Chronic lead exposure is detrimental to health. Chronic exposure to low-level lead can cause depletion of glutathione and protein-bound sulfhydryl groups, resulting in an increase in reactive oxygen species and damage to cell structures, including DNA and cell membranes [25]. Chronic lead exposure inhibits DNA transcription, vitamin D synthesis, and the function of enzymes that maintain cell membrane integrity. Lead also alters the permeability of blood vessels and the synthesis of collagen [26]. Additionally, lead can have harmful effects on immune system development and cause production of excessive inflammatory proteins [27]. As a result, lead may cause an increase in levels of proinflammatory mediators and lipid peroxidation, suppress nitric oxide levels, change calcium homeostasis, as well as alter autonomic function and heart rate variability, which, in turn, could increase the likelihood of hypertension and CVD [25, 28].

Another remarkable finding of this study was that serum triglyceride level was the only diagnostic component of MS significantly associated with blood lead level in multiple linear regression analysis. Some researchers have found that acute or chronic lead exposure does not greatly change triglyceride levels, or may even reduce levels [29, 30]. However, direct comparison of our results with investigations that focused on subjects living in areas with high endemic lead concentrations is not appropriate. A previous experimental study also reported that lead exposure causes hypertriglyceridemia, and the VA Normative Aging Study, a population-based study performed to investigate the effects of low-level lead exposure, reported similar results to our study [25, 31].

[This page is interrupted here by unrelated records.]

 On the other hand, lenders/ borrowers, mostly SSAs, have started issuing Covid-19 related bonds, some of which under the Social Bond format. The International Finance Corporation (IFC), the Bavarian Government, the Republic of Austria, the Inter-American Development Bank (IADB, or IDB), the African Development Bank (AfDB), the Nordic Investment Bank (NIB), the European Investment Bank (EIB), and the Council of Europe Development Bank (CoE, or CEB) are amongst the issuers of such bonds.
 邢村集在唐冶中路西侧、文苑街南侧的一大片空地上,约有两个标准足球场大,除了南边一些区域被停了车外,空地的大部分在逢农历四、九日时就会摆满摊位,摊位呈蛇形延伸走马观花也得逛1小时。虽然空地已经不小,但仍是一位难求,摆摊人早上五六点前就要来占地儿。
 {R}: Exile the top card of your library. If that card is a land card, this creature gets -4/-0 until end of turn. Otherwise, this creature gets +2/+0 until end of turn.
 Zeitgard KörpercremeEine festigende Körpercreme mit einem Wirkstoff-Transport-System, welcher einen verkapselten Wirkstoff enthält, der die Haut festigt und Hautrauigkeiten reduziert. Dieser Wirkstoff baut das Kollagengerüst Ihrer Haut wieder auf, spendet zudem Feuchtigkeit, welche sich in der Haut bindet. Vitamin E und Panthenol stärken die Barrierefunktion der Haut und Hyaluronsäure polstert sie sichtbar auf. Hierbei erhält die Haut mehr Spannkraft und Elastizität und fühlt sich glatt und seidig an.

Our study has some limitations. First, as KNHANES 2008 was a cross-sectional study, a causal relationship between heavy metals and MS cannot be determined. Second, the heavy metal exposure status was evaluated only by blood samples, not by bone or soft tissue samples. As a result, the measurements may not accurately reflect chronic exposure status. Third, MS is defined as a cluster of insulin resistance-associated components, such as abdominal obesity, dyslipidemia, hypertension, and hyperglycemia, and it is not clear whether MS should be regarded as a single disease entity [32]. Despite these limitations, our study results are meaningful, because they revealed a significant association between blood lead concentration and MS in a large number of subjects representative of the entire Korean population. All study subjects underwent accurate heavy metal analyses with strict quality controls, and a significant association between blood lead level and MS was identified after adjusting for demographic and social characteristics. Furthermore, because previous studies have already revealed that MS is closely related to high CVD risk, MS should be a useful clinical target for treatment, regardless of debate regarding its definition [3335]. In fact, many clinical practice guidelines recommend MS management, and some communities and countries have been actively conducting intervention campaigns to prevent and manage MS [10, 36]. Thus, our finding that low-level lead exposure is a risk factor for CVD is meaningful.

Conclusions

We found that blood lead concentration was significantly associated with the risk for MS and CVD, and that blood lead concentration had a close relationship with the serum triglyceride level, which is one of the diagnostic components of MS. Future large-scale longitudinal studies that overcome the limitations of the current study will provide a more detailed view of the pathophysiological role of environmental exposure to lead in patients with MS.